Wherever pictures appear in the listing below, leave them out, and copy exactly, and only, everything from the line with "Of the Crystal" down to the line with "戴姆勒項目的教師來源于我院推".

SUPPLIED RECORDS =
----

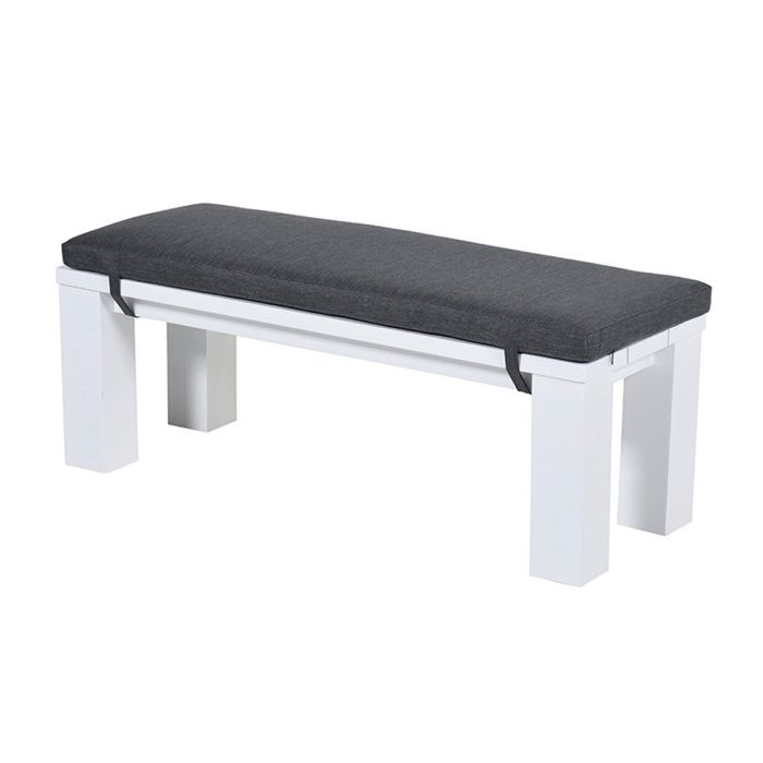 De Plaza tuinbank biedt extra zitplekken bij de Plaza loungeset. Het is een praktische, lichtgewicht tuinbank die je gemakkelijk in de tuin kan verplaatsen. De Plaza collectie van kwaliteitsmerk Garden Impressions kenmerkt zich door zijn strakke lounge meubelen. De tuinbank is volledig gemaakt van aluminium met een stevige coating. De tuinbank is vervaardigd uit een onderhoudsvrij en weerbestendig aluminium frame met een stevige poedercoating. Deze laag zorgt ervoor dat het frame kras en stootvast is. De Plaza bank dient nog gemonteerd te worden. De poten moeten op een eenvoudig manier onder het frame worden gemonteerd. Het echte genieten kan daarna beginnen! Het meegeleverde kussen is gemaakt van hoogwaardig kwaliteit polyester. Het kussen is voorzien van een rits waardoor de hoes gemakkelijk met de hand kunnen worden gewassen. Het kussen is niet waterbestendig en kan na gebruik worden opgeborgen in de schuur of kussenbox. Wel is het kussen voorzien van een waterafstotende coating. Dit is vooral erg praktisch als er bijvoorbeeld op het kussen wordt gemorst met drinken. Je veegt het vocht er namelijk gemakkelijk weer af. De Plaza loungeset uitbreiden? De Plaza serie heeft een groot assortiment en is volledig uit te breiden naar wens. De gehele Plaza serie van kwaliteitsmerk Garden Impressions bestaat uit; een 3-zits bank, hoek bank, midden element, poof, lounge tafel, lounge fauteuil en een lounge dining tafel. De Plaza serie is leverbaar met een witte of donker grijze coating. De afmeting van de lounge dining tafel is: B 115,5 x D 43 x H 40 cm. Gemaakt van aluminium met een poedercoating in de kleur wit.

----

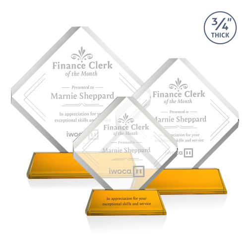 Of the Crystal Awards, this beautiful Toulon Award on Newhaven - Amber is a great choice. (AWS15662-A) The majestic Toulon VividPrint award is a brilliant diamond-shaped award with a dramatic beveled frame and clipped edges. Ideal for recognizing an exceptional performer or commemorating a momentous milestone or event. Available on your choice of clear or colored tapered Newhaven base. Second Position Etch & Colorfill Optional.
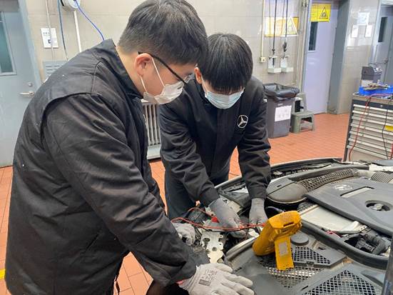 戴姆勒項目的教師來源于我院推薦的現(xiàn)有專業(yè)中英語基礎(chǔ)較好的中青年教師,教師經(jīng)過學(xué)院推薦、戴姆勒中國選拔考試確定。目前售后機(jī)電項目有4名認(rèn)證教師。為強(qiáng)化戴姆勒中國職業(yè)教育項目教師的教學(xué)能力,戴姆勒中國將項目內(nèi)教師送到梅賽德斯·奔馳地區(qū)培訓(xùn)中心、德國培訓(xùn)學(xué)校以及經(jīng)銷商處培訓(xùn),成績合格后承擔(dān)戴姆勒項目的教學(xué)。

----

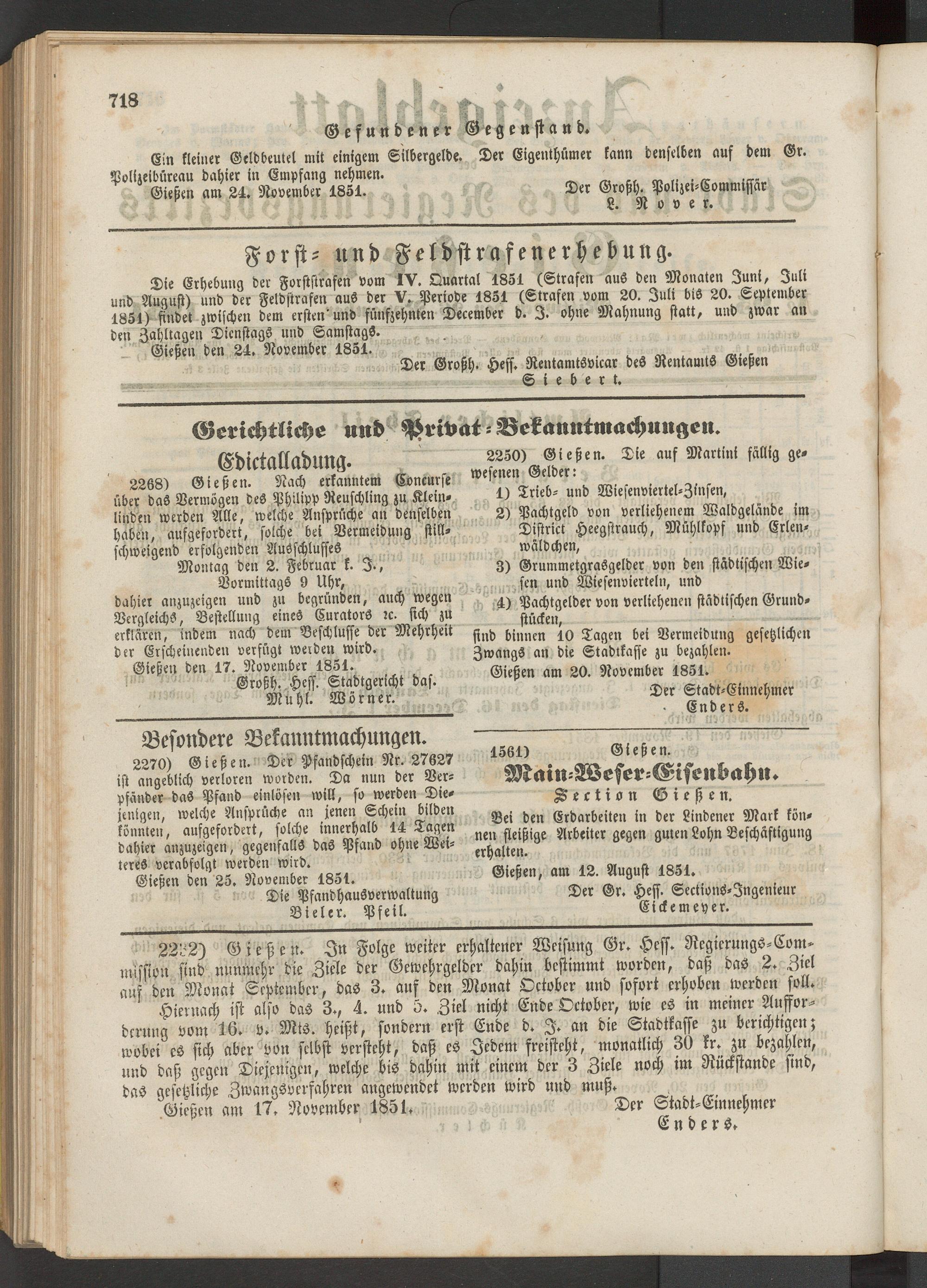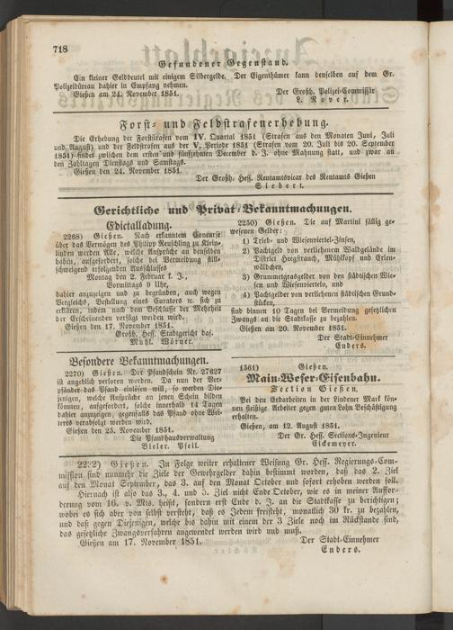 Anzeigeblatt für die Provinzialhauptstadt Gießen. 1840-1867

----

WRITTEN RESPONSE =
 Of the Crystal Awards, this beautiful Toulon Award on Newhaven - Amber is a great choice. (AWS15662-A) The majestic Toulon VividPrint award is a brilliant diamond-shaped award with a dramatic beveled frame and clipped edges. Ideal for recognizing an exceptional performer or commemorating a momentous milestone or event. Available on your choice of clear or colored tapered Newhaven base. Second Position Etch & Colorfill Optional.
 戴姆勒項目的教師來源于我院推薦的現(xiàn)有專業(yè)中英語基礎(chǔ)較好的中青年教師,教師經(jīng)過學(xué)院推薦、戴姆勒中國選拔考試確定。目前售后機(jī)電項目有4名認(rèn)證教師。為強(qiáng)化戴姆勒中國職業(yè)教育項目教師的教學(xué)能力,戴姆勒中國將項目內(nèi)教師送到梅賽德斯·奔馳地區(qū)培訓(xùn)中心、德國培訓(xùn)學(xué)校以及經(jīng)銷商處培訓(xùn),成績合格后承擔(dān)戴姆勒項目的教學(xué)。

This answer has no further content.